Make sure to account for 100 organisms from each sample.
6.
Exchange data with the same group(s) you obtained water chemistry data from
(if each group has two samples, you will have data from at least a total of four samples).
You will be writing a lab report that encompasses field sampling, water chemistry, and macroinvertebrate community analysis. The only analysis that we will not include is fecal coliform bacteria testing (which will be the subject of Homework Assignment 3).
In your report, as usual, you should include title, abstract, introduction, methods, results, discussion, and references (literature cited) sections. In addition to presenting your data , questions that you should address include:
Nutrients and abiotic factors: o Describe each measurement made, the results found (graphs may be helpful, especially when comparing the different areas sampled). Describe how these parameters can be used to draw inferences about watershed processes and water quality.

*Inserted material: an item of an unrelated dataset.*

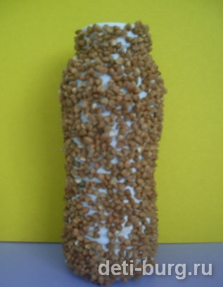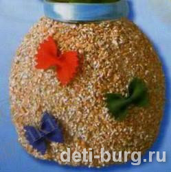 Можно сделать замечательную вазу или просто стаканчик для карандашей. Для этого намазываем пластилин на баночку или стаканчик. Можно оставить так, а можно сверху украсить рисунком из крупы. На прогулке соберите букет и поставьте в вашу вазу. Ну а если на улице зима, не беда. Возьмите веточку, дома слепите разноцветные шарики и украсьте ими ветку.

Macroinvertebrate community analysis: o Why is macroinvertebrate community analysis useful in assessing water quality? o Calculate the species richness and Simpson’s diversity index and plot rank-abundance curves for communities from three areas sampled. o Use species diversity indices and graphs to describe and compare macroinvertebrate community composition at different sites. Which sites had higher diversity? Why? o Did you find indicator organisms? If so, which ones and what types of ecological conditions do their presences indicate?